In the opinion of management, all adjustments (consisting of normal recurring adjustments) considered necessary for a fair presentation of interim financial information have been included.

2. Inventories are principally raw materials (primarily newsprint).

3. Due to the continuation of challenging business conditions and the market’s perception of the value of media company stocks, the Company performed two interim impairment tests in 2008 (in addition to its regular annual impairment test) which resulted in impairment being recorded in the second and fourth quarters of 2008. The Company’s long-lived assets include goodwill related to the Company’s reporting units, identifiable assets at individual television stations and newspapers (including FCC licenses and network affiliation agreements), fixed assets, and certain other investments and assets held for sale. The Company determined that certain of these long-lived assets were impaired by measuring the estimated discounted and undiscounted cash flows expected to be generated by the assets to determine their fair value and by comparing the result to their carrying value. The determination of fair value requires the use of significant judgment and estimates about assumptions that management believes were appropriate in the circumstances. These assumptions include those relating to revenue growth, compensation levels, newsprint prices, discount rates and market trading multiples for broadcast and newspaper assets. As a result of the testing as of June 29, 2008, the Company recorded non-cash impairment charges related to goodwill in the Publishing Division of $512 million, FCC licenses in the Broadcast Division of $198 million, network affiliation agreements in the Broadcast Division of $67 million, trade names in the Broadcast Division of $.5 million, and certain investments (whose impairment was other than temporary) and assets held for sale of $4.4 million. The pretax charge totaled $782 million ($532 million after-tax) and was included on the line items “Goodwill and other assets impairment” and “Impairment of and loss on investments” on the Consolidated Condensed Statements of Operations.
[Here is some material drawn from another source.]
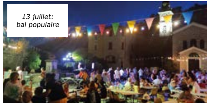
13 juillet: bal populaire

Comme lors des deux bals de la fête patronale (photo en haut), l'association Fêtes et Traditions Drap a aussi assuré la buvette lors des spectacles qui se sont tenus à l'Espace Jean Ferrat dans le cadre des « Soirées estivales » du Conseil Départemental des Alpes-Maritimes. Retrouvez les membres de l'association le 28 juillet , pour l'ultime « vendredi terrasse » de l'été et le 28 août à partir de 19 h pour la fête de la Libération de Drap ! Renseignements : 06 36 94 53 52

At June 29, 2009, when the Company changed its structure to one organized primarily by geographic market, the carrying amount of goodwill was allocated to the new segments. Impairment tests prior to that change were performed based on goodwill balances and cash flows under the previous segment structure. Therefore, the Company is unable to reflect the reallocation of the goodwill impairment charge taken during 2008 and the prior-year goodwill balances by the current geographic segment structure.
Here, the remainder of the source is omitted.